141) Although art production and awareness fosters curiosity, the problem for
Bion is that the use of language impedes. ‘The over stifling nature of words
can create there own illusions’. Cage says ‘when you succeed in defining and
cutting things off from something, you thereby take the life out of them. It
isn’t any longer as true as it was when it was incapable of being defined” p119
A disciplined attitude
to the work, allowing discovery, uncertainty and being in unfamiliar territory
will open up new opportunities, the need to avoid too quick, too superficial
and thus too partial understandings is unhelpful, the paradox of mental discomfort
keen to contribute, struggle to read, to frustrate the process of the revealing
of knowledge or not. ‘The shaking up of certainties to reveal ready made truths
enliven a blunt and stifled mind’.
The work of this
thesis is to provide or underpin a piece of interdisciplinary dialogue, both
enriching and also in this process limiting it.

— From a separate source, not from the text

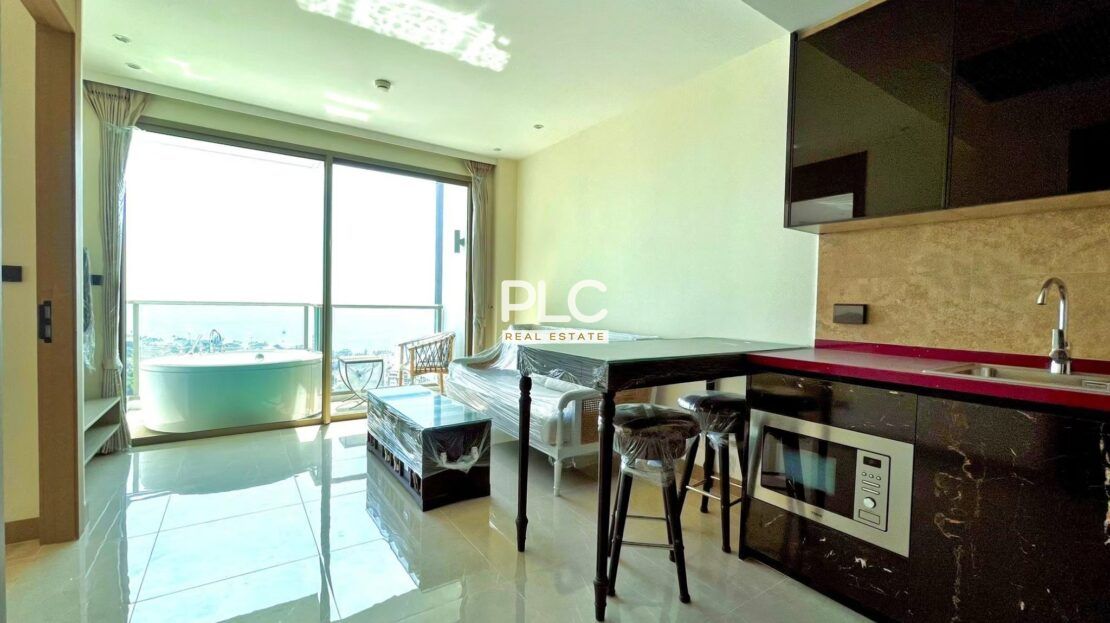 The Riviera Ocean Drive 1 Bedroom For Sale – This 1-bedroom, 1-bathroom condo offers 39.42 SQM of living space and is situated on the 24th floor, providing breathtaking sea views. The unit comes fully furnished, featuring a built-in European kitchen equipped with an electric hob, washing machine, and refrigerator. The living area includes a cozy sofa and TV, while the bedroom is fitted with a built-in wardrobe for ample storage. A highlight of this unit is the private jacuzzi on the balcony, where you can relax while enjoying the stunning ocean view, making it the perfect blend of luxury and comfort.

Questions raised will be, are
there substantial convergence between the production of self-portraits and
there interpretation and are these on a superficial level or do they, viewed
through the lens of psychoanalytical theory, convey some fundamental aspects of
thinking of both producer and reader?
Keats’s theory of
negative capability, where the ability to allow oneself to be ‘in uncertainties
of emotions in universal terms, distinguishing between the universal and the
individual’, is the nature of this project and having negative capability as the
intuitive process of being in an uncertain state, in that the hope that new meaning
as outcome will emerge, is of value. where art meets life.